One can only wonder what the Rev. Martin Luther King Jr. would make of all that is said in commemorating his life. Perhaps the dream gets lost in translation. More likely, it too often morphs into rhetorical self service.
Sounding not unlike Kanye West, Sen. Hillary Clinton told a mostly black audience in a Harlem church that she was apologizing to Hurricane Katrina survivors for a government that “turned its back on you.” Clinton, who had been tacking to the political center, then ratcheted up the pander-speak by descending into an analogy of the (Republican-controlled) House of Representatives to a plantation.
“The House has been run like a plantation, and you know what I’m talking about,” declared Clinton to thunderous approbation.

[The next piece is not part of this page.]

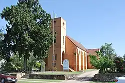 Christ Church, a Church of England, was officially opened on 26 May 1890 by Archbishop William Webber assisted by Rev James Coles, rector at Harrisville. The church was designed by John H. Buckeridge. (the diocesan architect for the Anglican Diocese of Brisbane) and built by Mr Vincent of Boonah. Prior to the opening of the church, Church of England services were held in the Goolman Divisional Board office. At the time of the opening of the church, there was no permanent minister.[38] On 7 July 1956 Archbishop Reginald Halse set a stone in the second church building being erected dedicating the new church as a memorial to the martyrs of the New Guinea Mission and those who died in World War I, World War II and the Korean War. The second church as dedicated in 1960 and consecrated in 1961.[39] The original church continues to be used as a church hall.[40]

King’s most remembered and revered lines were calls for inclusiveness – not slavish exercises in partisan divisiveness.
Then there was New Orleans Mayor Ray Nagin. Sounding not unlike a Crescent City Pat Robertson, he told a crowd at City Hall that not only will the city be rebuilt as a “Chocolate New Orleans,” but in so doing it would be “the way God wants it to be.”
Nagin has a hard enough time speaking for himself, let alone presuming to channel the Almighty with a demographic invocation. And this from a black politician who has arguably been part of the pre- and- post Katrina problem.
In an ironic way, however, maybe King’s words were revelatory. Wherever there is scapegoating, political pandering and race-baiting there is character content on display – irrespective of skin color.